### EXERCISE DIRECTIONS
Images embedded in the records are excluded; print everything else exactly as given.

### MATERIALS PROVIDED
..............................

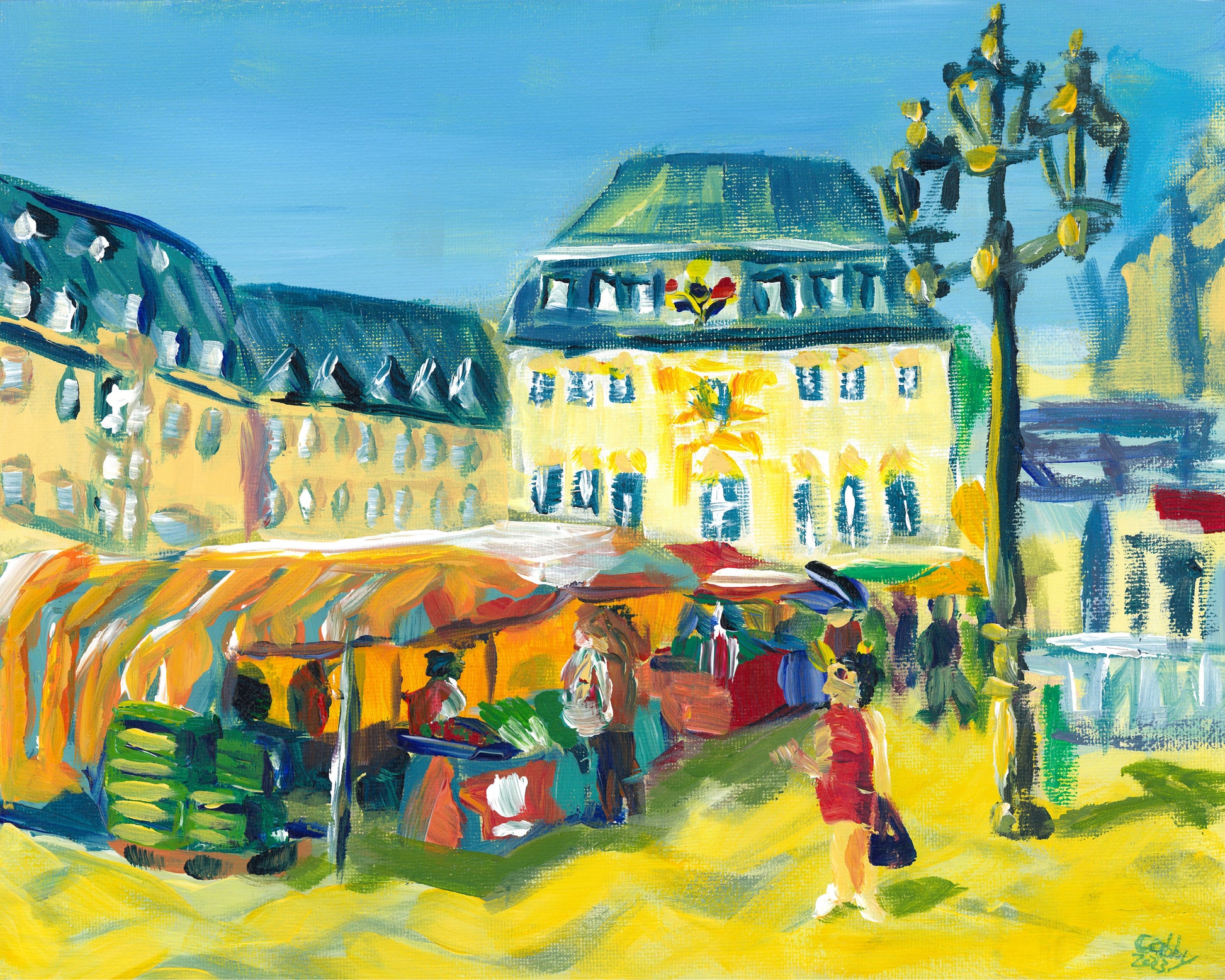 Dieses Kunstwerk habe ich 2023 mit Acryl auf ca. 22cm x 30cm auf Malkarton gemalt. Es zeigt den Bonner Marktplatz in sommerlichen expressiven Farben.
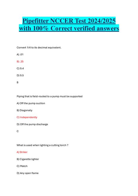 Download NCCER PIPEFITTER TEST AND ANSWER [PDF DOWNLOAD] PDF
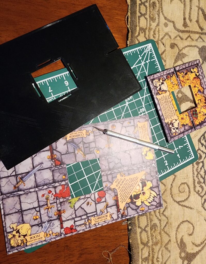 Printing the different pieces of artwork for the tower can be a little trickier. They were not scanned in the same dimensions as the tower pieces, so you’ll need to fiddle with print sizes in the print manager on your computer. For example, the baseboard image, if I recall, had to be printed at 127% to match the actual size of the 3D-printed tower base piece. I printed all of the “test” labels on regular legal-sized paper.
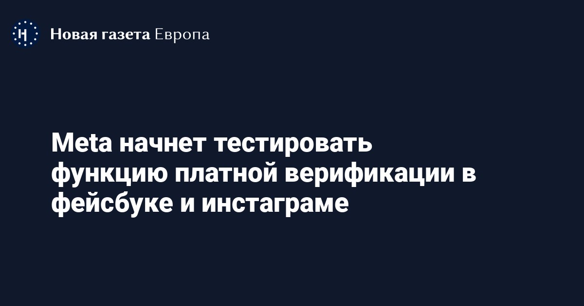 Корпорация Meta начнет тестировать функцию платной верификации в принадлежащих ей соцсетях – фейсбуке и инстаграме. Об этом сообщает The Verge со ссылкой на заявление главы Meta Марка Цукерберга.
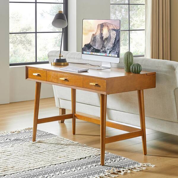 Tommy 48 in. Rectangular Acorn Wood 3-Drawer Computer Desk with Cable Management and Built-In Storage
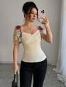 Rafferiza 女式优雅开叉袖闪亮花朵蕾丝花边系腰连衣裙
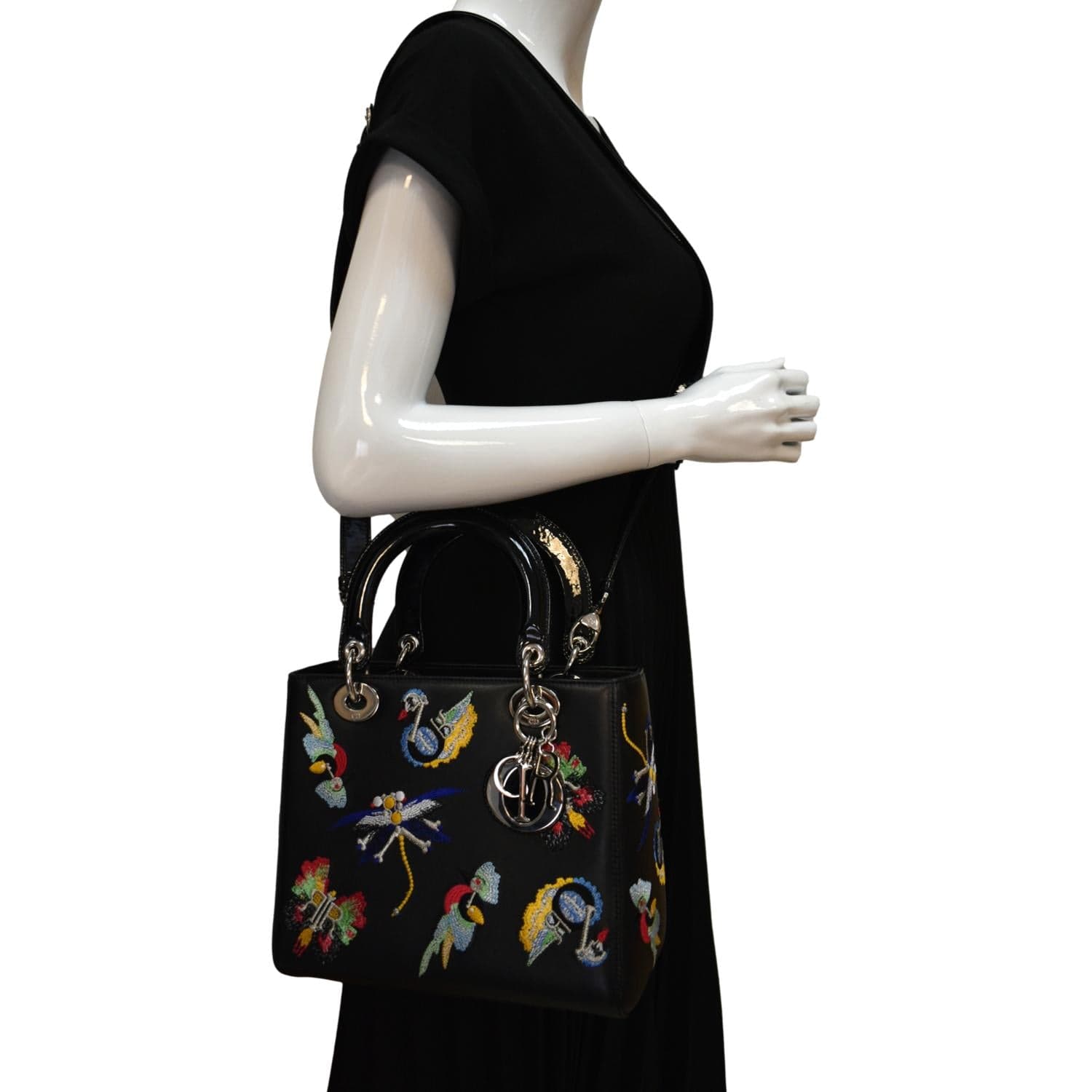CHRISTIAN DIOR Lady Dior Embroidered Calfskin Shoulder Bag Black
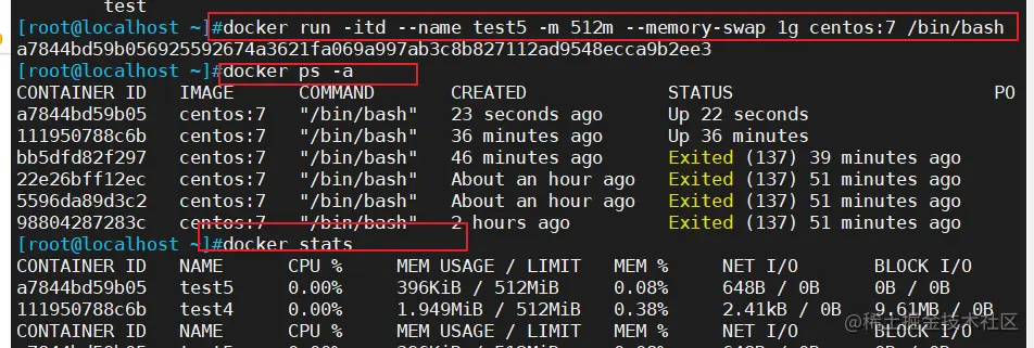 docker run -itd --name test4 -m 512m centos:7 /bin/bash
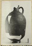 | Description: | One handle, most of lip missing; wall fragments restored in plaster. Plump, almost cylindrical body, tapering slightly to rounded bottom finished with a small knob. Narrow neck tapering to thickened lip. Dipinto in black on neck between handles: <graphic> Reddish-brown micaceous clay. | |
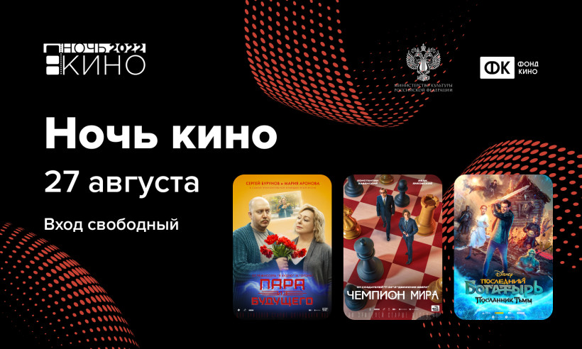 Откроет кинопоказ картина для семейного просмотра «Последний богатырь: Посланник Тьмы» (6+) режиссера Дмитрия Дьяченко. Вторым в программе станет семейный фильм «Пара из будущего» (12+) режиссера Алексея Нужного, его покажут в 21:50. Стойких полуночников ждет просмотр фильма Алексея Сидорова «Чемпион мира» (6+). Это картина о самом драматичном и легендарном поединке в истории шахмат между действующим чемпионом мира Анатолием Карповым и гроссмейстером Виктором Корчным, эмигрировавшим из СССР. Показ картины начнется в 23:45. Вход на все фильмы свободный.
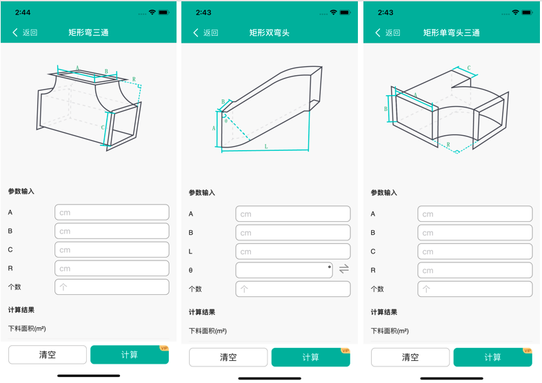 - 各种形状风管面积计算:不管是圆的还是方的风管,展开面积一键搞定,通风管道活儿算量更快了。
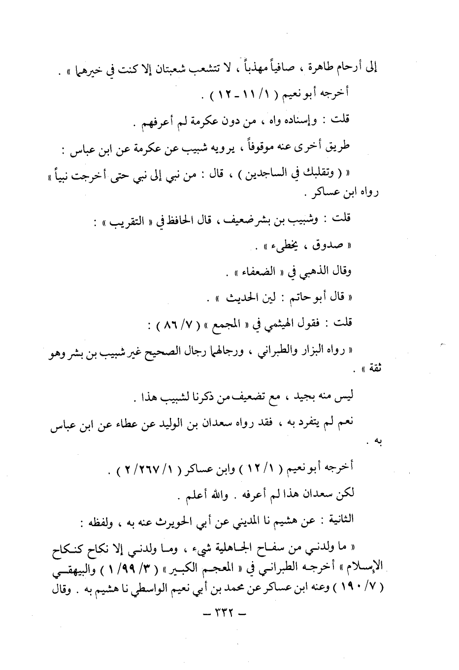 الثانية: عن هشيم أخبرنا المدينى عن أبى الحويرث عنه به , ولفظه: " ما ولدنى من سفاح الجاهلية شىء , وما ولدنى إلا نكاح كنكاح الإسلام " أخرجه الطبرانى فى " المعجم الكبير " (3/99/1) والبيهقى (7/190) وعنه ابن عساكر عن محمد بن أبى نعيم الواسطى أخبرنا هشيم به.
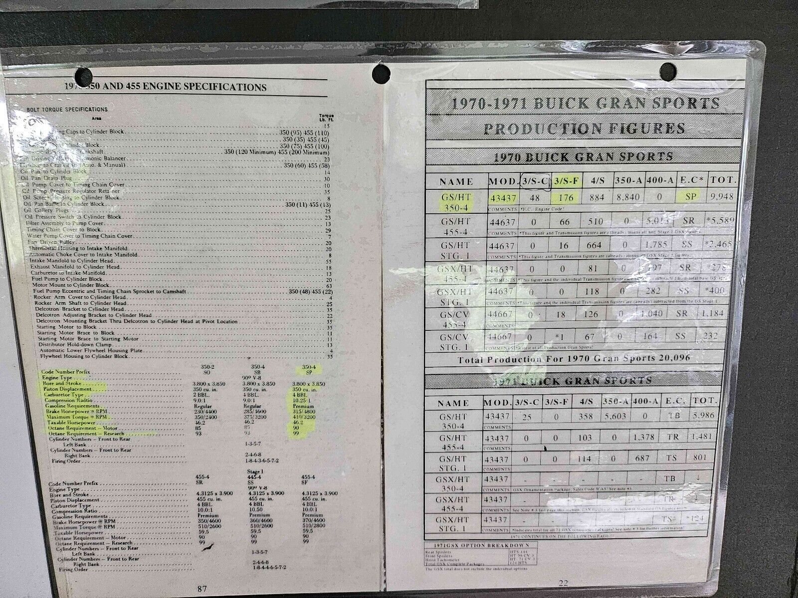 Excellent condition could be used as daily driver. Low mileage and resorted to factory only thing not original is transmission, exhaust system and rims, they are factory machted though. I have Original window sticker all the microfilm from buick, proving it's legality. 1 of 176 ever produced! Car also comes with factory floor mats original 1970 license plate.I have a lot of paper work proving that is is a real GS. For more info about it please contact me. Would prefer serious buyer's only thanks. If you are looking for a Buick this is the one!
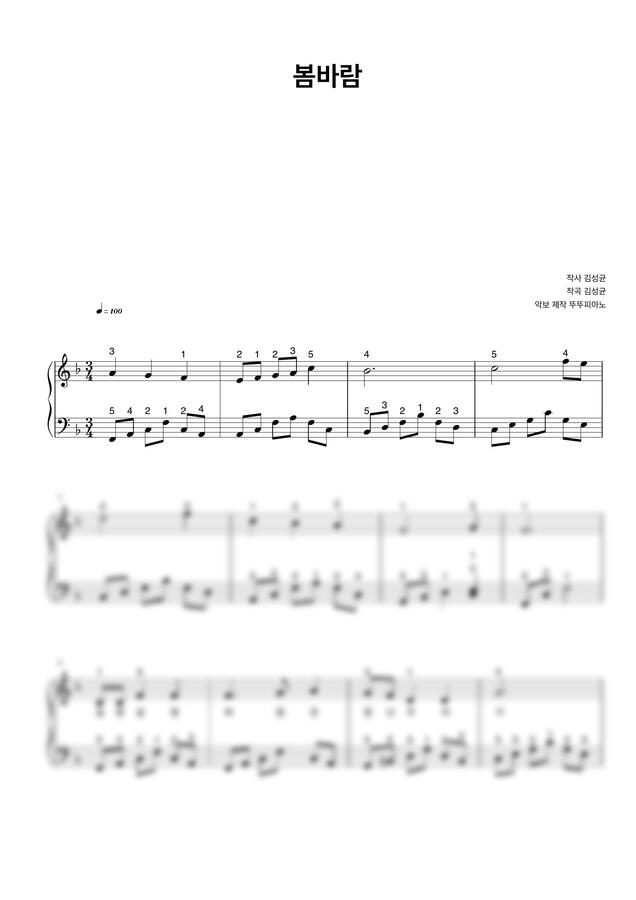 동요 봄바람 (가사 첨부 / 손가락 번호 / normal ver.) by 뚜뚜피아노
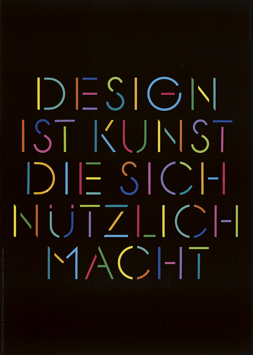 Die Neue Sammlung, Staatliches Museum für angewandte Kunst, München. Entwurf Pierre Mendell & Klaus Oberer ((Text: Carlos Obers), Deutschland 1984. Ohne Druckvermerk (Wartelsteiner, Garching). 118,8 x 84 cm.

..............................

### SOLUTION FOR THIS PROBLEM
 Dieses Kunstwerk habe ich 2023 mit Acryl auf ca. 22cm x 30cm auf Malkarton gemalt. Es zeigt den Bonner Marktplatz in sommerlichen expressiven Farben.
 Download NCCER PIPEFITTER TEST AND ANSWER [PDF DOWNLOAD] PDF
 Printing the different pieces of artwork for the tower can be a little trickier. They were not scanned in the same dimensions as the tower pieces, so you’ll need to fiddle with print sizes in the print manager on your computer. For example, the baseboard image, if I recall, had to be printed at 127% to match the actual size of the 3D-printed tower base piece. I printed all of the “test” labels on regular legal-sized paper.
 Корпорация Meta начнет тестировать функцию платной верификации в принадлежащих ей соцсетях – фейсбуке и инстаграме. Об этом сообщает The Verge со ссылкой на заявление главы Meta Марка Цукерберга.
 Tommy 48 in. Rectangular Acorn Wood 3-Drawer Computer Desk with Cable Management and Built-In Storage
 Rafferiza 女式优雅开叉袖闪亮花朵蕾丝花边系腰连衣裙
CHRISTIAN DIOR Lady Dior Embroidered Calfskin Shoulder Bag Black
 docker run -itd --name test4 -m 512m centos:7 /bin/bash
 | Description: | One handle, most of lip missing; wall fragments restored in plaster. Plump, almost cylindrical body, tapering slightly to rounded bottom finished with a small knob. Narrow neck tapering to thickened lip. Dipinto in black on neck between handles: <graphic> Reddish-brown micaceous clay. | |
 Откроет кинопоказ картина для семейного просмотра «Последний богатырь: Посланник Тьмы» (6+) режиссера Дмитрия Дьяченко. Вторым в программе станет семейный фильм «Пара из будущего» (12+) режиссера Алексея Нужного, его покажут в 21:50. Стойких полуночников ждет просмотр фильма Алексея Сидорова «Чемпион мира» (6+). Это картина о самом драматичном и легендарном поединке в истории шахмат между действующим чемпионом мира Анатолием Карповым и гроссмейстером Виктором Корчным, эмигрировавшим из СССР. Показ картины начнется в 23:45. Вход на все фильмы свободный.
 - 各种形状风管面积计算:不管是圆的还是方的风管,展开面积一键搞定,通风管道活儿算量更快了。
 الثانية: عن هشيم أخبرنا المدينى عن أبى الحويرث عنه به , ولفظه: " ما ولدنى من سفاح الجاهلية شىء , وما ولدنى إلا نكاح كنكاح الإسلام " أخرجه الطبرانى فى " المعجم الكبير " (3/99/1) والبيهقى (7/190) وعنه ابن عساكر عن محمد بن أبى نعيم الواسطى أخبرنا هشيم به.
 Excellent condition could be used as daily driver. Low mileage and resorted to factory only thing not original is transmission, exhaust system and rims, they are factory machted though. I have Original window sticker all the microfilm from buick, proving it's legality. 1 of 176 ever produced! Car also comes with factory floor mats original 1970 license plate.I have a lot of paper work proving that is is a real GS. For more info about it please contact me. Would prefer serious buyer's only thanks. If you are looking for a Buick this is the one!
 동요 봄바람 (가사 첨부 / 손가락 번호 / normal ver.) by 뚜뚜피아노
 Die Neue Sammlung, Staatliches Museum für angewandte Kunst, München. Entwurf Pierre Mendell & Klaus Oberer ((Text: Carlos Obers), Deutschland 1984. Ohne Druckvermerk (Wartelsteiner, Garching). 118,8 x 84 cm.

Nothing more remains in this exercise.